Senate Approves Overhaul of Spy Agencies
WASHINGTON — The Senate gave final passage today to a bill putting a single director in charge of the nation’s spy agencies, capping a contentious, five-month legislative push to respond to the recommendations of the Sept. 11 commission that investigated the 2001 terrorist attacks.
After months of dramatic negotiations and many predictions that the effort would fail, the Senate’s final action, one day after the House passed the bill, was a quiet affair - the top-heavy outcome of 89-2, with Sens. Robert Byrd (D-W.Va.) and James Inhofe (R-Okla.) casting the only votes against the measure.
President Bush has promised to quickly sign the legislation into law. He intervened last month to save the bill, after a pair of powerful House committee chairmen blocked House Speaker J. Dennis Hastert’s effort to bring it to a vote during the post-election lame duck session.
Under current law, the Pentagon controls some 80% of the estimated $40 billion annual intelligence budget. The bill would transfer some of that authority to the national intelligence director, who will write the budgets for those intelligence agencies that do not provide combat support.
The national intelligence director also will be able to shift limited amounts of money from one intelligence program - or agency - to another, and to reassign some personnel from one agency to another.

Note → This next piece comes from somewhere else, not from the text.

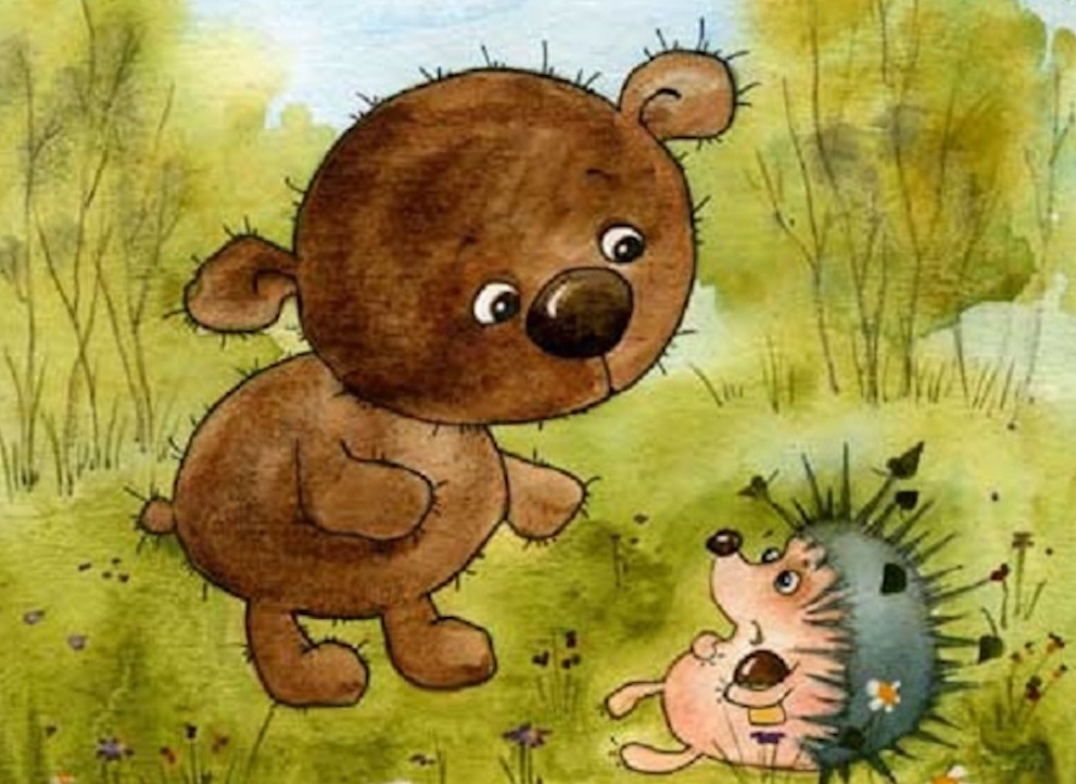 — Это потому, — терпеливо объяснял Ёжик медвежонку, — что я научился управлять своими колючками, а ты своим мехом ещё не научился. И потом, когда я вижу опасность, я выставляю свои колючки! Они меня защищают. А у тебя есть сильные лапы и острые зубы для защиты.

The director also will serve as the president’s chief intelligence advisor.
The legislation also codified the national counterterrorism center created by executive order that is meant to coordinate intelligence collection and analysis across agencies, and creates a civil liberties board charged with ensuring that the government’s war on terror does not infringe on civil liberties and privacy.
The bill’s many law enforcement, border security and immigration elements include provisions that will increase the number of detention beds available to hold illegal immigrants and increase the number of border patrol officers.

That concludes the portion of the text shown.